A Chinese diplomat in Canberra has warned Chinese nationals to "seriously consider" living in Australia and whether they wish to invest here, according to Beijing's English-language mouthpiece.
Speaking on the guarantee of anonymity, the diplomat from the Chinese Embassy told state-run Global Times it was vital current Chinese expatriates were "vigilant" to threats to their safety.
Such a warning echoes the bold moves from China's education and tourism ministries amid an ugly back-and-forth last year with Canberra in which they told tourists and students not to travel to Australia over fears of a surge in racist attacks.
"Discrimination against Chinese in Australia has increased significantly because of the tension caused by the Covid-19 pandemic and the antagonism between Canberra and Beijing," reporter Mu Zixi explained.
The publication claims discrimination of Asians in Australia is often neglected and ignored by the government and Australian citizens.

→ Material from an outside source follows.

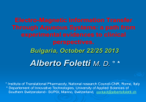 Electro-Magnetic Information Transfer Through Aqueous Systems: a path from experimental evidences to clinical perspectives. Bulgaria, October 22/25 2013 Alberto Foletti M. D. ° * ° Institute of Translational Pharmacoly, National research Council-CNR, Rome, Italy * Departement of Innovative Technologies, University of Applied Sciences of Southern Switzeraland– SUPSI, Manno, Switzerland, contact@albertofoletti.ch “The greatest challenge to any thinker is stating the problem in a way that will allow a solution” Bertrand Russell Aqueous systems not only provide the basis for the origin of life but also play a dynamic active role in the maintenance of allostasis, namely the ceaseless process aimed to keep stability through dynamic changes, in any cell and organism *. * McEwen B.S., Wingfield J.C. (2003) “The concept of allostasis in biology and biomedicine.”, Horm. Behav.,43(1):2-15. Interestingly aqueous systems possess not only the longtime acknowledged biochemical properties but also some recently disclosed biophysical features providing a completely new framework to biology and medicine *. * Foletti A., Lisi A., Ledda M., De Carlo F., Grimaldi S. (2009) “Cellular ELF signals as a possible tool in informative medicine.”, Electromagn. Biol. Med., 28(1): 71-79. Dynamic electro magnetic fields are endogenously generated as biophysical correlates of biochemical activities into cells and tissues *. *Burr H.S, Northrop F.S.C. (1939) “Evidence for the existence of an electro-dynamic field in living organisms.”, Proc Natl Acad Sci USA, 25(6): 284-288. Cifra M., Fields J.Z., Farhadi A. (2010) “Electromagnetic cellular interaction.”, Prog Biophys Mol Biol., 105(3): 223-246. Rossi C., Foletti A., Magnani A., Lamponi S. (2011) “New Perspectives in Cell Comunication: Bioelectromagnetics Interactions.”, Seminar Cancer Biol., 21(3): 207-214. These electro-dynamic fields meet the requirements to induce a coherent collective behavior of water molecules and other components of the nearest aqueous systems and other cell components and is self trapped in form of electro-solitons that contribute to maintain the dynamic stability of the system without loose of energy or information *. *Brizhik L.S., Del Giudice E., Popp F.A., Maric-Oeler W., Schlebusch K. P. (2009) “On the dynamics of self-organization in living organisms.”, Electromagn. Biol. Med., 28(1): 28-40. At ambient conditions our traditional view of water is an homogeneous distribution of tetrahedral structure hydrogen bonded. In spite of this very simple description a more complex picture arise from recent reports identifying the presence, even at ambient condition, of inhomogeneous structures that fit the concept of “coherence domains” in agreement with Quantum Electrodynamic Theory (QED) *. *Preparata G. (2000) “QED and medicine.”, Riv Biol., 93 : 467-512. Del Giudice E., Tedeschi A. (2009) “Water and autocatalysis in living matter.”, Electomagn Biol Med., 28(1): 46-52. Consequently aqueous system, such ones enfolded in livings, could play an additional role in modulating biological functions by generating dissipative structure providing basis for processing, storing and retrieving information mediated by electro-magnetic signals*. *Marchettini N., Del Giudice E., Voeikov V., Tiezzi E. (2010) “Water: a medium in where dissipative structures are produced by a coherent dynamics.”, J. Theor. Biol., 265(4): 511-516. Furthermore any pattern of electro-magnetic signals, both endogenous and exogenous, when became resonant with some of the coherent domains of water, can induce a dipole moments re-patterning inducing them to oscillate coherently each other generating a new phase correlation described as a super-coherent, a true fourth phase of water *. * Del Giudice E., Elia V., Tedeschi A. (2009) “The role of water in the living organisms.”, Neural Network World, 19(4): 355-360. Therefore external patterns of electro-magnetic signals can be stored, translated and transferred by the water structure of the aqueous systems to biological targets selectively modulating their activity both at cellular and systemic level *. * Jerman I., Berden M., Ruźic R. (1996) “Biological influence of ultraweak supposedly EM radiation from organisms mediated through water.”, Electro and Magnetobiology., 15(3): 229-244. Kreisl P. (1998) “Test on the transduction of acetic acid information via an electronic amplifier.”, Acta Medica Empirica, 47(3): 17-24. “To the powerful theories of chemistry and physics must be added a late arrival : a theory of information. Nature must be interpreted as matter, energy and information.” Jeremy Campbell Endler P.C., Citro M., Pongratz W., Smith C.W., Vinattieri C., Senekowitsch F. (1995) “Transfer of molecular information using a bioresonance instrument (BICOM) in amphibian trial.”, Acta Medica Empirica, 44(3): 1-16. Jerman I., Ruźic R., Krašovec R., Škarja M., Mogilnicki L. (2005) “Electrical transfer of molecule information into water, its storage, and bioeffects on plants and bacteria.”, Electromagn Biol Med., 24(3): 341353. Thomas Y., Schiff M., Belkadi L., Jurgens P., Kahhak L., Benveniste J., (2000) “Activation of human neutrophils by electronically transmitted phorbolmyristate acetate.”, Medical Hypotheses., 54: 33-39. Smith C.W. (2004) “Quanta and coherence effects in water and living systems.”, J Altern Complement Med.,10(1): 69-78. Montagnier L., Aissa J., Ferris S., Montagnier J.-L., Lavallée C. (2009) “Electromagnetic signals are produced by aqueous nanostructures derived from bacterial DNA sequences.”, Interdiscip. Sci., 1(2): 81-90. BRT Montagnier L., Aissa J., Del Giudice E., Lavallée C., Tedeschi A., Vitello G. (2011) “DNA waves and water.” J Phys: Conf Ser., 306: 012007. Heredia-Rojas J.A., Torres-Flores A.C., Rodriguez-De la Fuente A.o., Mata-Cardenas B.D., RodriguezFlores L.E., Barron-Gonzales M.P., Torres-Pantoja A.C., Alcocer-Gonzal

It comes in the wake of a damning Lowy Institute report that revealed one in five Chinese-Australians say they have been physically threatened or attacked in the previous 12 months, while one in three felt they had been treated poorly.
Weeks earlier, the Global Times warned Australia was among a collection of nations posing the "most serious white supremacy threat" globally.
The publication on Tuesday warned Chinese-Australians and those looking to invest in China were wrongly being discriminated against as part of new foreign investment laws implemented, according to the federal government, to protect national security.
And such tight control now enforced by the government appears to be taking an immediate effect with Chinese investment in Australia down more than 60 per cent last year, ANU's Chinese Investment in Australia Database revealed.
China refutes 'groundless accusations'
One recent case where a Chinese businessman was under investigation for espionage prompted China's Consulate General in Melbourne to warn it would not accept "any groundless accusations".
While the federal government's tough stance on several Chinese matters has divided opinion in Australia, former prime minister Malcolm Turnbull on Tuesday encouraged Australia to continue to fight back with the assistance of fellow Quad members India, the US and Japan.
"Giving into coercion only invites more of it," he warned.
China’s Deputy Head of Mission in Australia Wang Xining warned earlier this month it had become "really difficult to be China's friend in Australia".
He branded accusations of coercion levelled against Chinese nationals as "totally ridiculous".